Further stoking Palestinian fears are the statements from influential members of Israel’s far-right government, many of whom openly advocate for West Bank annexation. These views, coupled with Israel’s expanding road networks and the sidelining of UNRWA—reportedly told it would no longer operate in Jenin—suggest more than temporary military aims.
Palestinian officials, including the mayor of Jenin and local business leaders, say they were told by the Israeli military that the camps would be “normalised” into regular neighbourhoods, a move widely opposed by locals who see it as an attempt to eliminate refugee identity.
The operation began shortly after a ceasefire in Gaza in January. While Israel’s attention had previously focused on Gaza and Hamas, the West Bank became a new front, with Israeli and Palestinian Authority forces both targeting militants in Jenin. Local journalists estimated that before the joint crackdowns, Jenin camp hosted around 150 fighters affiliated with Hamas and Palestinian Islamic Jihad. Today, such groups have been eliminated by Israel. Still, the civilian toll has been devastating. As homes are destroyed, services suspended and aid agencies being forced to keep away, tens of thousands of Palestinians are left without any hopes for their future.

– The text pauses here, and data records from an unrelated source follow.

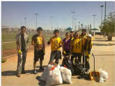
April 26, 2013 @ Lorenzi Park
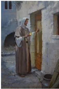
Behold, I stand at the door and knock.
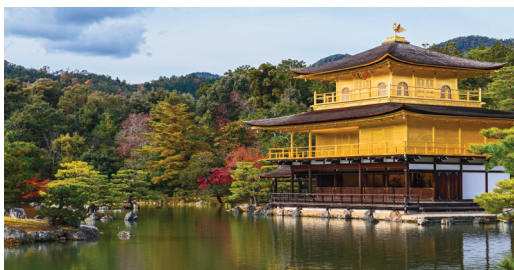
We visit Kyoto’s Temple of the Golden Pavilion on Day 10.

The Brown Travelers program aims to include a representative from Brown on each trip, and we make every effort to secure an outstanding faculty lecturer for the departure. However, due to the advanced planning required for group travel and the current dynamic nature of travel arrangements, we may encounter challenges in confirming Brown faculty participation for this specific program. If, for any reason, we are unable to arrange for an accompanying lecturer, please rest assured that our tour operators share our belief in the transformative power of travel as a profound learning opportunity. Despite potential variations in staffing, the educational content of this tour will be maintained at a high standard.
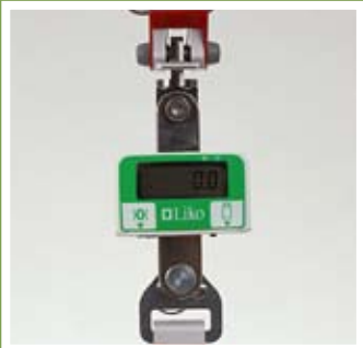
LikoScale with Quick-release adapter
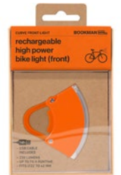
CURVE FRONT LIGHT ORANGE, ART. NO. 440
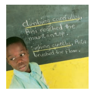
Write the new sentences and underline the adjectival phrases.

Enugu-P5-Lit-w16-20-aw√.indd 38 2/9/16 3:59 PM
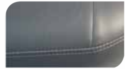
Dark Grey Vinyl
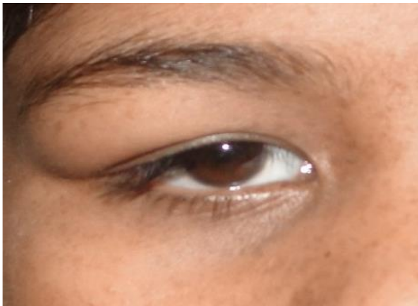
Figure 1: Clinical photograph showing mass around right upper eye lid leading to mild mechanical ptosis

Presence of at least 2 neurofibromas 4.atleast 2 Lich's nodules on iris .A diagnosis of NF 1 was confirmed in our patient.
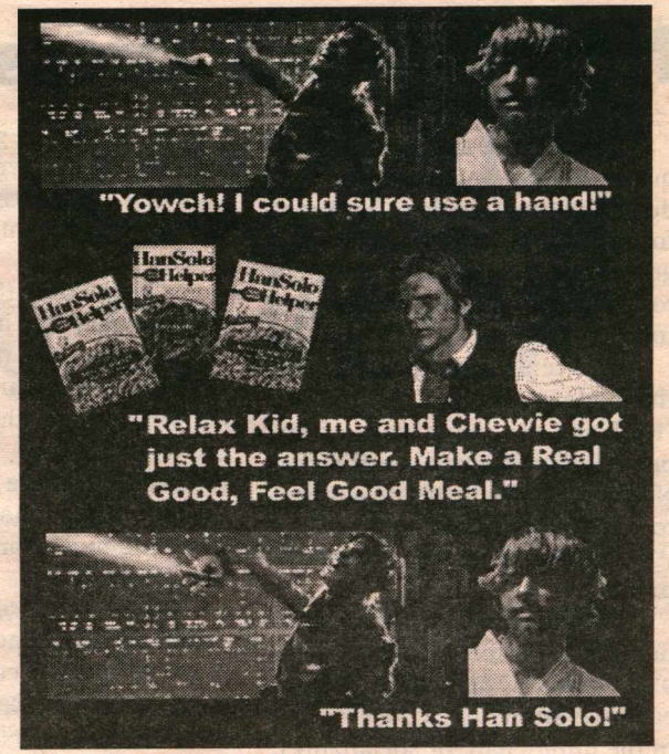
These products available at toshistation.com

Views expressed in The Inquisitor are thus more than likely those of Northwest Nazarene College and the Church of the Nazarene. We are a very selective forum for students, alumni, professors, faculty and anyone else associated with Northwest Nazarene College. Do NOT send letters. Remember, Big Brother is watching.
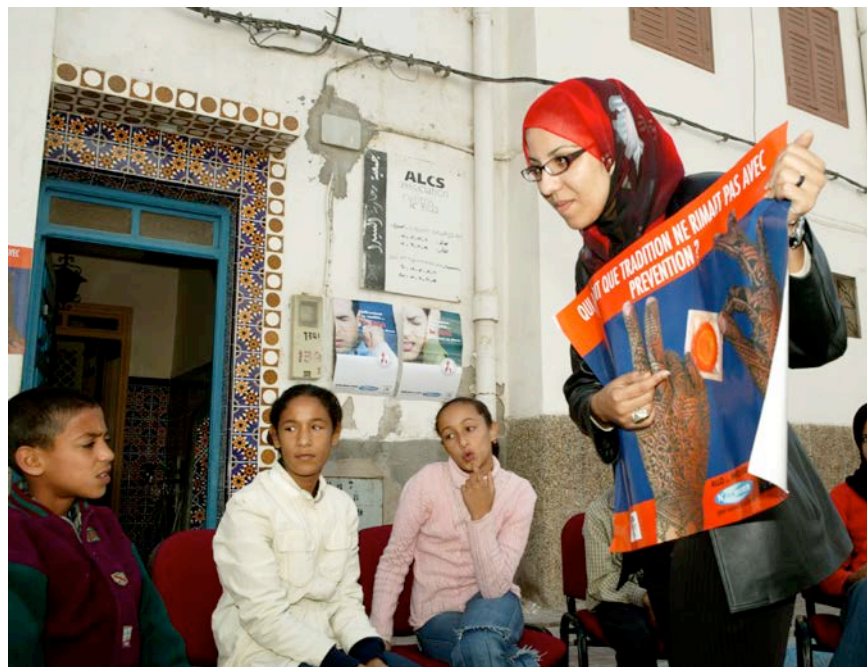
Courtesy of UNAIDS. This image is exclusively for non-commercial purposes. You are not authorized to modify, copy, sell, transmit or otherwise distribute this image without the prior written authorization of UNAIDS.

As the pandemic matures and its long-term impact becomes more apparent, there is a clear need for even greater cooperation and identification of synergies between health, human rights and social justice movements, as well as between AIDS and other global movements. A key challenge before global civil society is to better leverage these synergies to consolidate prevention, care and treatment gains, as well as to ensure adequate funding streams that will enhance access to essential HIV services and create more enabling environments for those affected. Where are these synergies and opportunities? And how will the role of civil society evolve to help bridge diverse movements for mutual benefit in the years to come?

Despite Israeli assertions that its campaign is focused purely on combating terrorism, the scale, duration and depth of the operation as well as the political rhetoric surrounding it raise the spectre of a long-term transformation of the West Bank’s demographic and political landscape. For many Palestinians, the signs point not just to a military crackdown, but to a deliberate attempt to redraw the map of their homeland.